Is there a rose in the book The Name of the Rose by Umberto Eco?
January 2, 2005 10:17 PM   Subscribe

In the book The Name of the Rose by Umberto Eco, is there a rose in the book? I think I might have missed that reference. What name and what rose is the title referring to?
posted by timyang to Media & Arts (11 answers total)
The book's title comes from the last line of the book, stat rosa pristina nomine, nomina nuda tenemus (the rose remains fresh in name only, and we have only the name).

In Eco's own words:
Since the publication of The Name of the Rose I have received a number of letters from readers who want to know the meaning of the final Latin hexameter, and why this hexameter inspired the book's title. I answer that the verse is from De contemptu mundi by Bernard of Morlay, a twelfth-century Benedictine, whose poem is a variation on the "ubi sunt" theme (most familiar in Villon's later "Mais ou sont les neiges d'antan"). But to the usual topos (the great of yesteryear, the once-famous cities, the lovely princesses: everything disappears into the void), Bernard adds that all these departed things leave (only, or at least) pure names behind them. I remember that Abelard used the example of the sentence "Nulla rosa est" to demonstrate how language can speak of both the nonexistent and the destroyed. And having said this, I leave the reader to arrive at his own conclusions.
Elsewhere, he says seemed like a good title to me because it was generic, and because in the course of the history of mysticism and literature, the rose had taken on so many different meanings, often contradictory ones, that I hoped it would not lend itself to one-sided interpretations.

But it was pointless: everyone tried to find a precise meaning and many saw in it a reference to Shakespeare's "A rose by any other name," which means exactly the opposite of what [Morlay] intended.
posted by jimfl at 10:38 PM on January 2, 2005

The Rosy Cross.
posted by stavrosthewonderchicken at 10:38 PM on January 2, 2005

Or, you know, not.
posted by stavrosthewonderchicken at 10:38 PM on January 2, 2005

Response by poster: Thanks, that cleared that up!
posted by timyang at 10:53 PM on January 2, 2005

I realized too late that we were talking about The Name of The Rose, not Foucault's Pendulum, which I love with a passion (well, I love most of Eco's stuff, to be honest) and my brain exploded. Sorry.
posted by stavrosthewonderchicken at 11:14 PM on January 2, 2005

It might be worth pointing out that at the end of the book the monastery is destroyed and we never actually learn its name.
posted by thatwhichfalls at 12:38 AM on January 3, 2005

For the record, the French "Mais ou sont les neiges d'antan" translates to "But where are the snowfalls of yesteryear".
posted by furtive at 3:11 AM on January 3, 2005

In the film, the rose is the girl (who remains nameless). I haven't read the book, so I don't know if there even was a girl or if that was just a Hollywood invention.
posted by zanni at 4:25 AM on January 3, 2005

Yeah, the girl is in the book, and he never learns her name.

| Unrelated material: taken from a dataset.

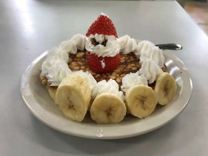 6年生が調理実習で作ったパンケーキです。とってもかわいくて美味しそうです。

So Villon's poem is what Yossarian is parodying in Catch 22, huh? I never got that.
posted by emyd at 6:22 AM on January 3, 2005

It's from Villon's Ballade (des dames de temps jadis) [Ballad (of the ladies of times past)]

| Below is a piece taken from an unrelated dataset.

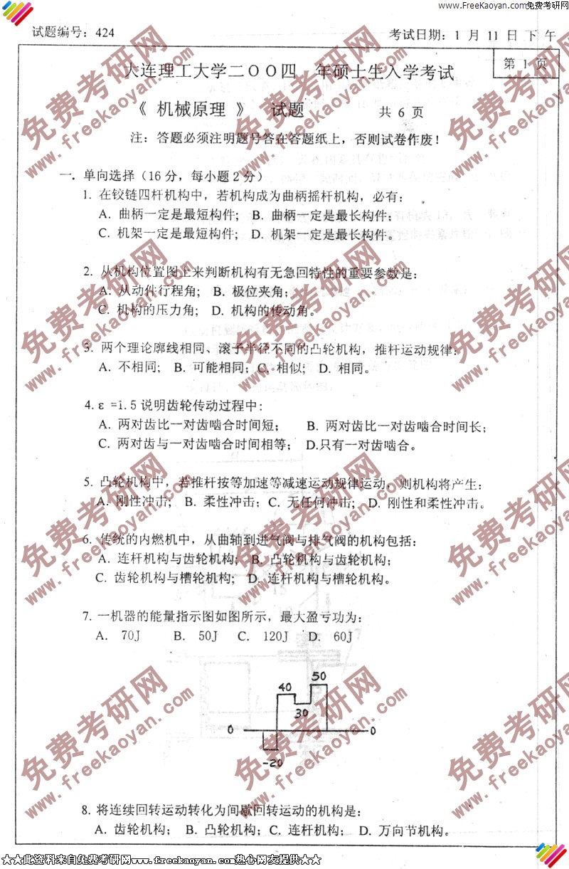 大连理工大学2004年考研真题-机械原理

La royne Blanche comme lis
Qui chantoit a voix de seraine,
Berte au grand pié, Beatris, Alis,
Haremburgis qui tint le Maine,
Et Jehanne la bonne Lorraine
Qu’Englois brulerent a Rouan;
Ou sont ilz, ou, Vierge souvraine?
Mais ou sont les neiges d’antan?

Queen Blanche, like a lily
Who sang with a mermaid's voice
Bertha Bigfoot, Beatrice, Alis,
Arembourg, heiress to the Maine,
And Joan, the maid of Lorraine
Whom the English burned at Rouen
Where are they, where, o sovereign Virgin?
And where are the snows of yesteryear? (lame translation mine)

A gorgeous poem. The idea is that all the famously beautiful women of the past are now dead, as vanished as the snows of previous years. Villon was the tits.
posted by Sidhedevil at 12:24 PM on January 3, 2005


I enjoyed the book but never quite bought the explanation for much of the story. It was a reaction to a book on comedy? Why hide this book away and kill those who read it? Couldn't it have been destroyed years ago if the monk (who's name escapes me) had so chosen? Is it really plausible that someone could react with such venom to writings about the nature of humor? Eco couldn't convince me, but perhaps a clever Mefite can.